ST. THOMAS — The Government of the Virgin Islands (GVI) won an important case levied against it by HESS Oil Virgin Islands Corp. (HOVIC) & Subsidiaries, accusing the government and the Bureau of Internal Revenue (BIR) of seeking to recover overpayments in income taxes to the BIR.
According to the opinion, in April 2011, HOVIC filed amended tax returns for 2006 and 2007, seeking a total refund of approximately $84 million based on a carryback of tax losses incurred in the 2008 and 2009 years.
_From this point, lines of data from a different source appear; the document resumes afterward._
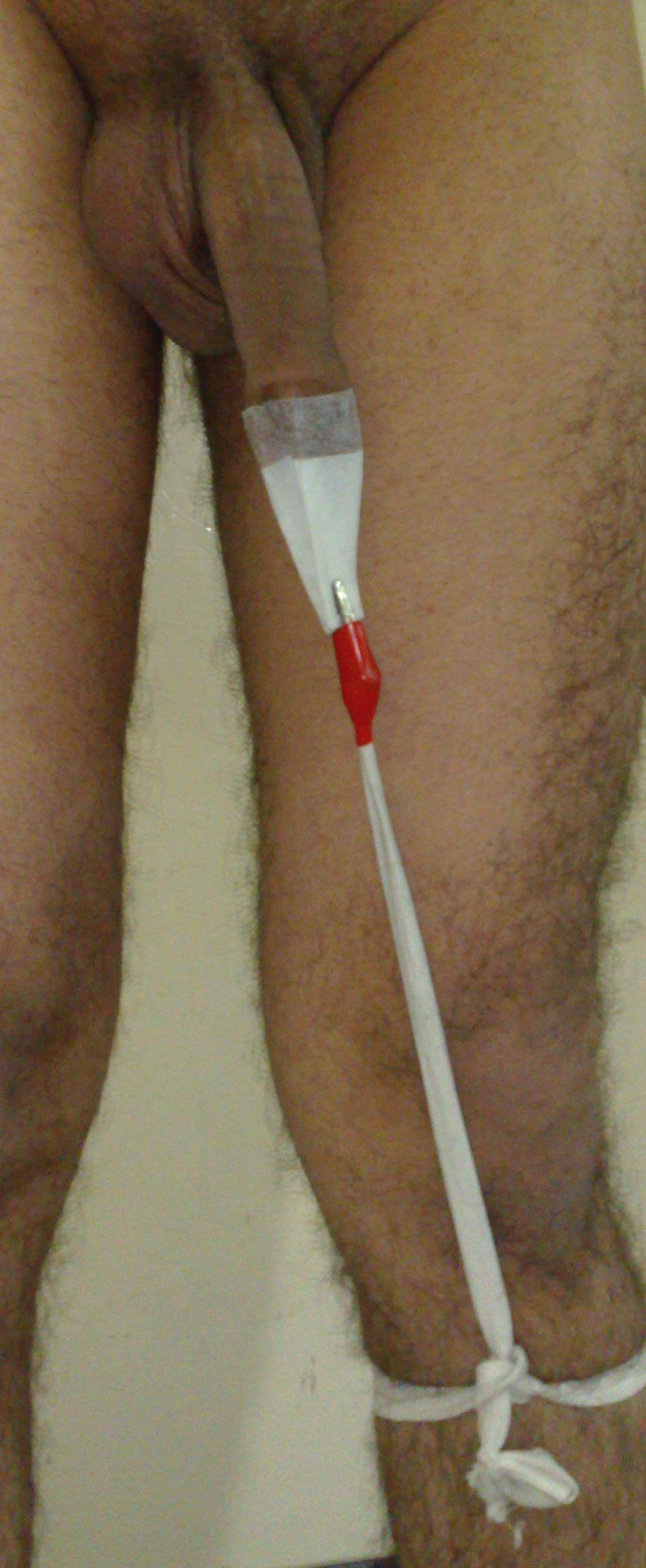 this picture shows a circumcised penis with t-tape attached with a leg strap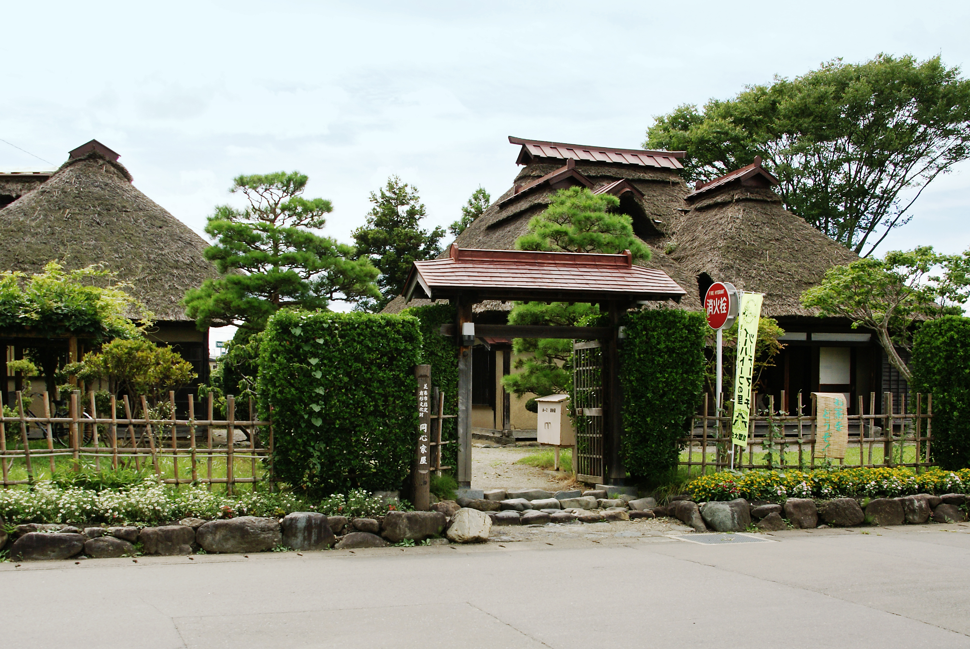 Doshin-yashikis in Hanamaki, Iwate prefecture, Japan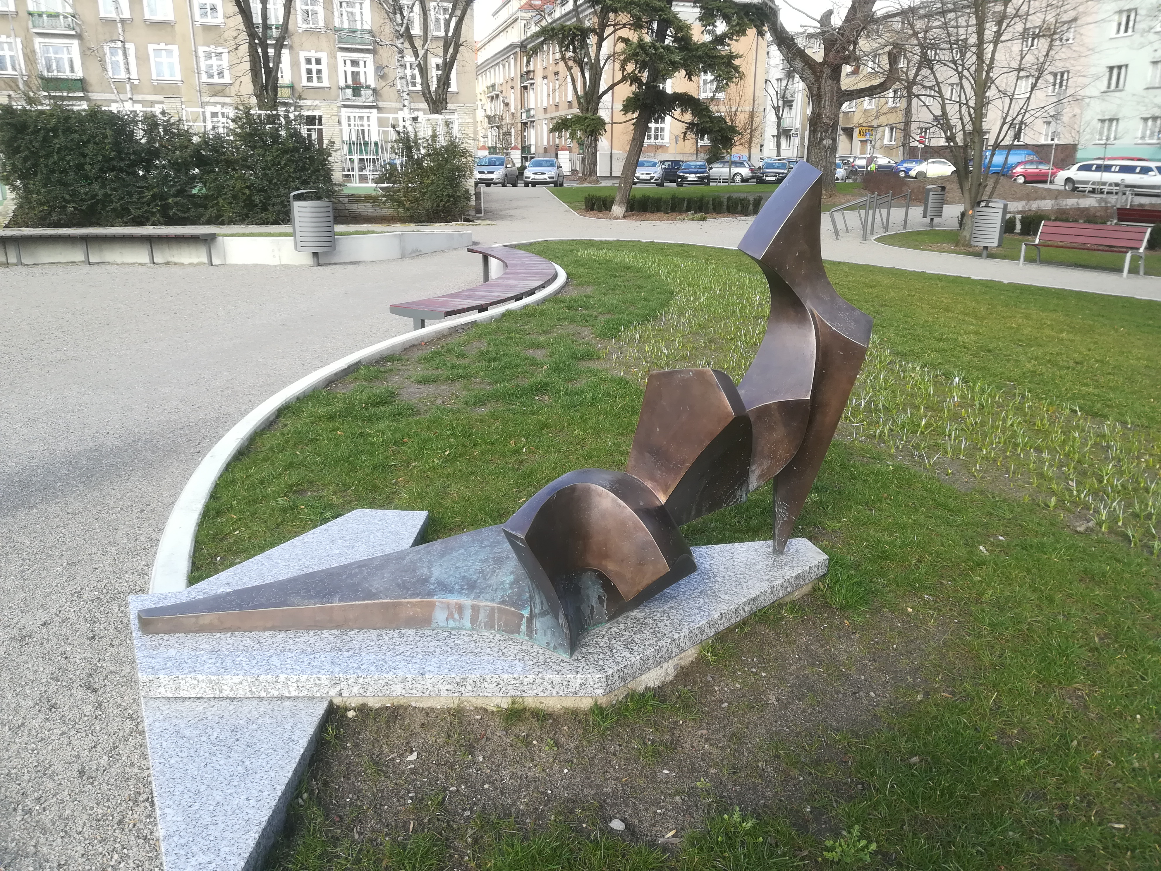 Kazimierz Nowakowski Square in Poznań. Bronze sculpture Leżąca w słońcu by Anna Rodzińska (2018).

HOVIC filed one tax refund claim for 2006, and two claims for 2007, however BIR denied all of the claims.
HOVIC filed its action on December 24, 2014, and the GVI filed a motion to dismiss the complaint on March 16, 2015. HOVIC then moved to filed a motion to stay the proceedings, along with an opposition to the motion to dismiss, on April 2, 2015.
But the United States Southern Court District of New York, where the case was heard, sided with the GVI’s argument that the suit should be heard in the territory, opining that Virgin Islands does not qualify as “the United States” in this particular tax-related matter, as the territory, like Guam, Puerto Rico and others, remains an unincorporated property of the United States, with a “unique taxation scheme.”
In responding to the victory, Governor Kenneth Mapp said he was elated by the news, and that he would continue to fight for residents of the territory.
“I will continue to fight on behalf of the people of the Virgin Islands and for the Territory’s best interests,” he said.
The GVI had sought dismissal of the HOVIC action on four grounds: lack of subject matter jurisdiction, lack of personal jurisdiction, lack of venue, and forum non conveniens, according to the opinion. However, because the Court concluded that it lacks subject matter jurisdiction, it did not reach the remaining grounds for dismissal.